In November 2021, the Delhi court sentenced the brothers seven years in jail and fined ₹2.25 crore each for tampering with the evidence.
In July 2022, the Ansal brother’s were again released citing old age. For more details see reference.

== Aftermath ==
The fire exposed the poor safety standards at public places in the country's capital. This was not the first instance of such a fire. On 6 July 1989, a fire had broken out at Uphaar cinema due to a fault in the substation.
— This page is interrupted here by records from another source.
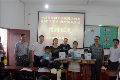7月10日,伟德官网服务团一行来到余坪镇中小学对余坪镇的留守儿童进行了慰问与关心。在爱心捐赠仪式上,伟德官网纪委官培生书记代表学院领导发表了热情洋溢的讲话,并为当地留守儿童之家的小朋友们捐赠了价值5000余元的学习、生活用品。捐赠仪式后,服务团的同学们和余坪镇的小朋友们进行了一场趣味盎然的互动活动,同学们教小朋友们唱歌、做游戏等,设计艺术系的同学们还用他们的专业知识为同学们带去了简单的美术入门学习和互动,给小朋友带了了快乐,送去了浓浓的关爱和温暖。
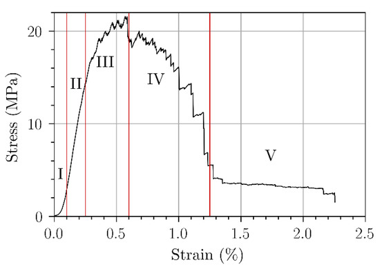 - The 3rd area (starting at approximately 0.3% of elongation) is characterized by a sudden decrease of the stress-strain curve and is associated with a sequential breaking of the fibers as reported elsewhere [14,30].
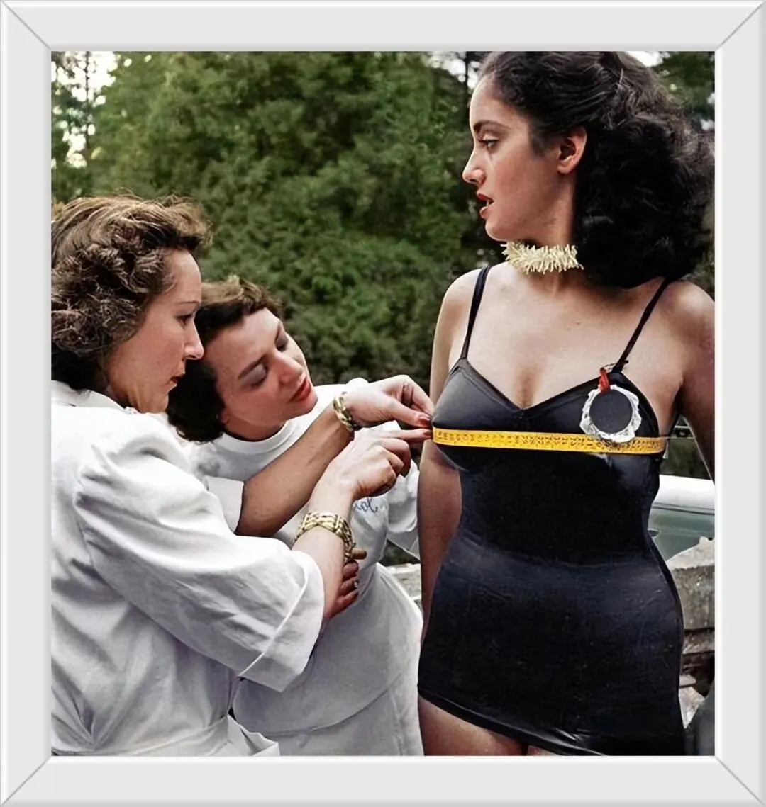 7. 1949年意大利选美赛场,工作人员正细致地为参赛佳丽测量身体数据。
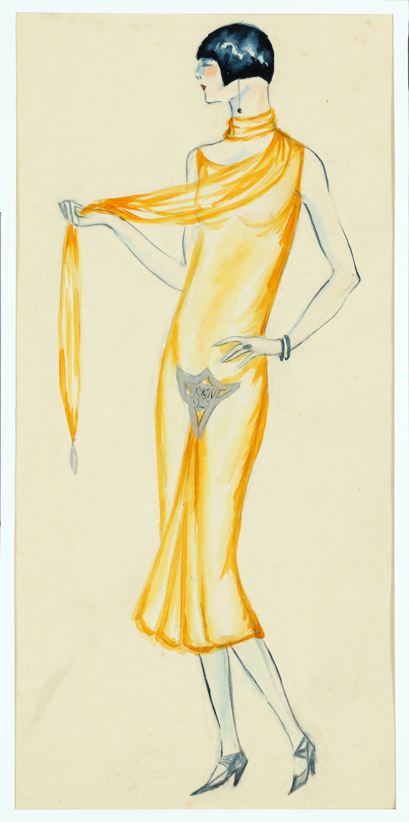 BURGNER DODO DORTE CLARA (1907 - 1998) Woman with yellow dress. Mixed media on paper. Cm 16,00 x 34,00.
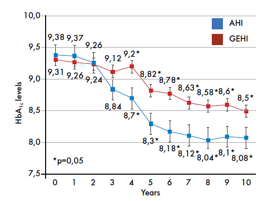 Через 10 лет в обеих группах пациентов не удалось достичь целевых значений гликемии (HbA1с<7%), однако показатель HbA1с у пациентов на АИЧ был достоверно ниже (p<0,05), чем у пациентов на ГИЧ (8,08 и 8,5% соответственно) (рис. 1). Достоверные различия между уровнями HbA1с (в пользу АИЧ) стали отмечаться с 4-го года наблюдения (рис. 1). Суммарно за 10 лет наблюдения снижение уровня HbA1с от исходного у пациентов на АИЧ составило 1,3%, у пациентов на ГИЧ – 0,81% (p<0,05).
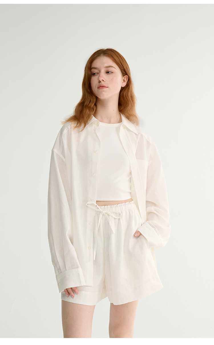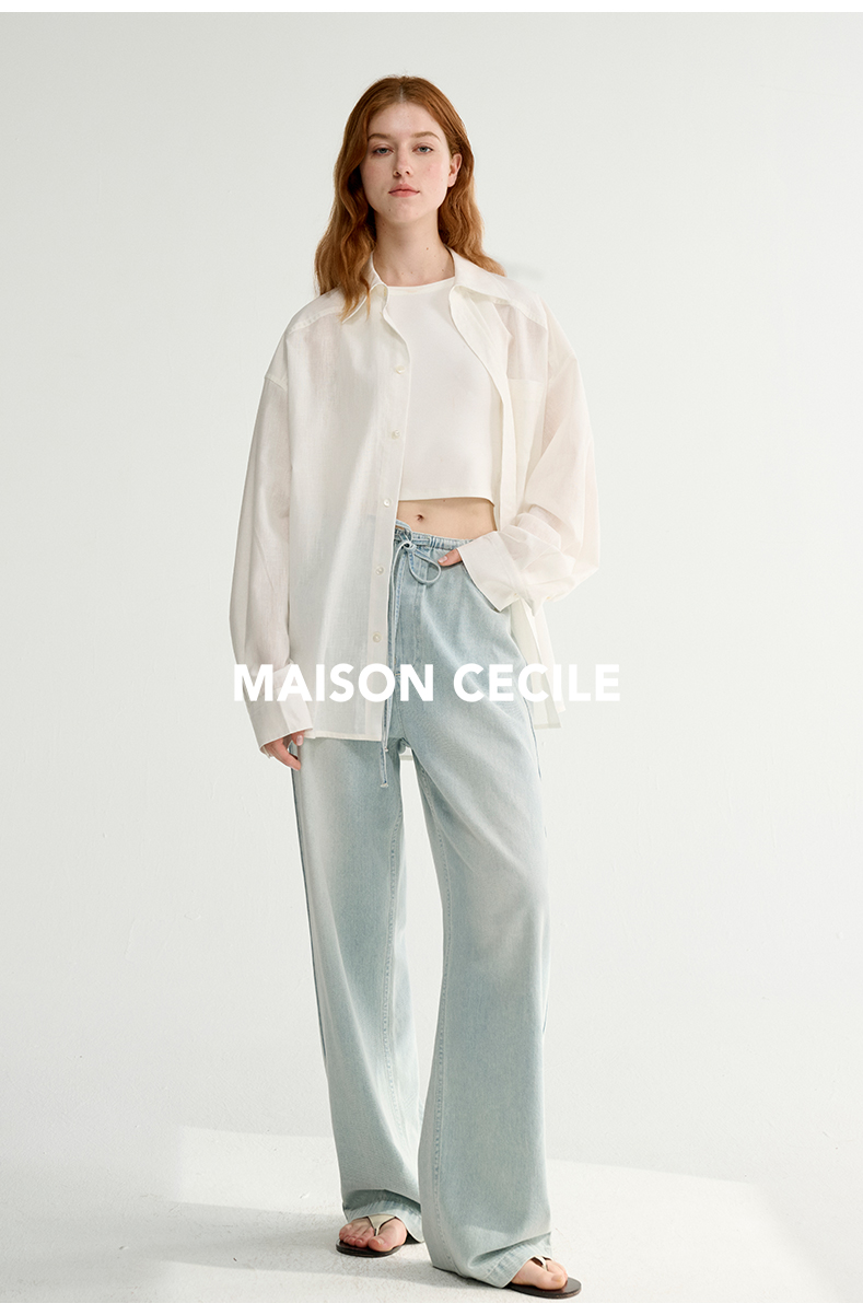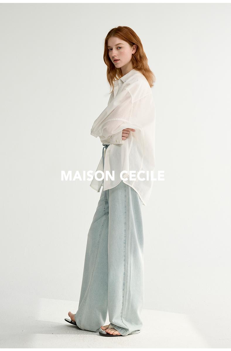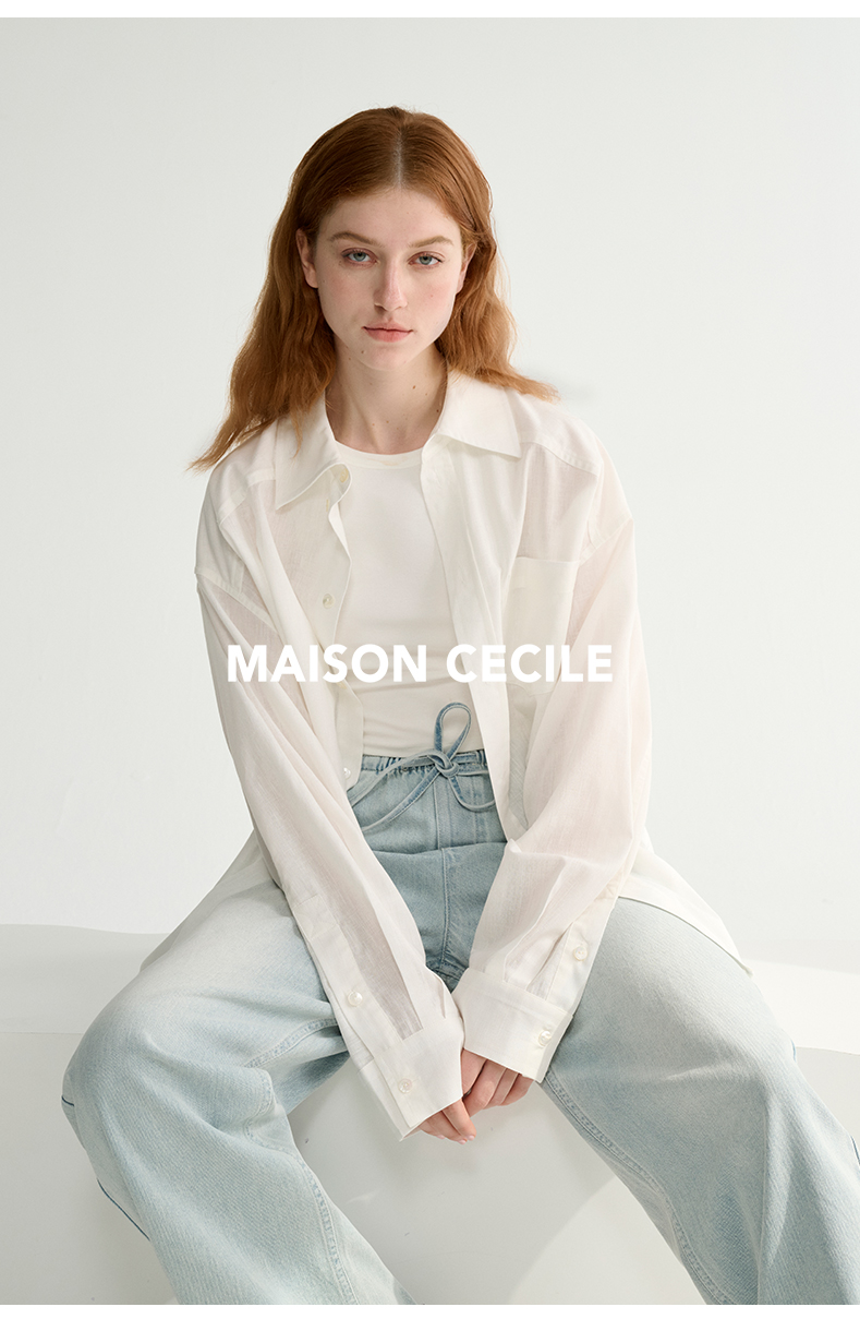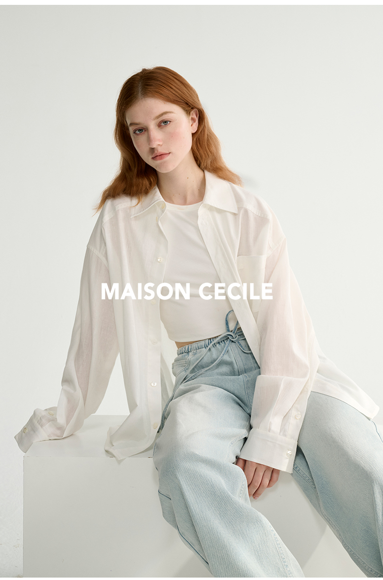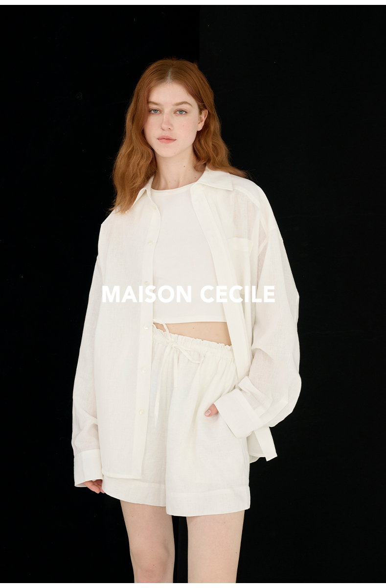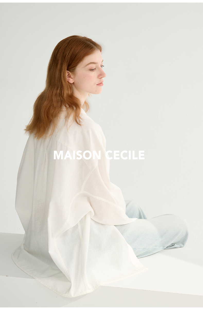 MAISON CECILE 亚麻肌理感清爽透气宽松简约男友风翻领百搭白衬衫

After an earlier transformer caused fire at Gopal Towers, a high-rise in Rajendra Place, New Delhi in 1983, the licenses of 12 cinemas, including that of Uphaar, had been canceled. The Deputy Commissioner of Police (Licensing) who inspected Uphaar, had listed ten serious violations, however, all remained uncorrected until the fire 14 years later.

== In popular culture ==
The 2023 Hindi language Netflix Series Trial By Fire by Prashant Nair starring Rajshri Deshpande, Abhay Deol, Rajesh Tailang, Ashish Vidyarthi, Anupam Kher, Ratna Pathak, Shilpa Shukla, and Shardul Bharadwaj, is based on the Uphaar cinemas fire and tells the story of a couple who lost their two children in the Uphaar fire theater. The series centered on their trials and tribulations as they struggled to find justice over 20 years later. The story portrayed the aftermath of the fire and the effect the incident had on the victims’ families.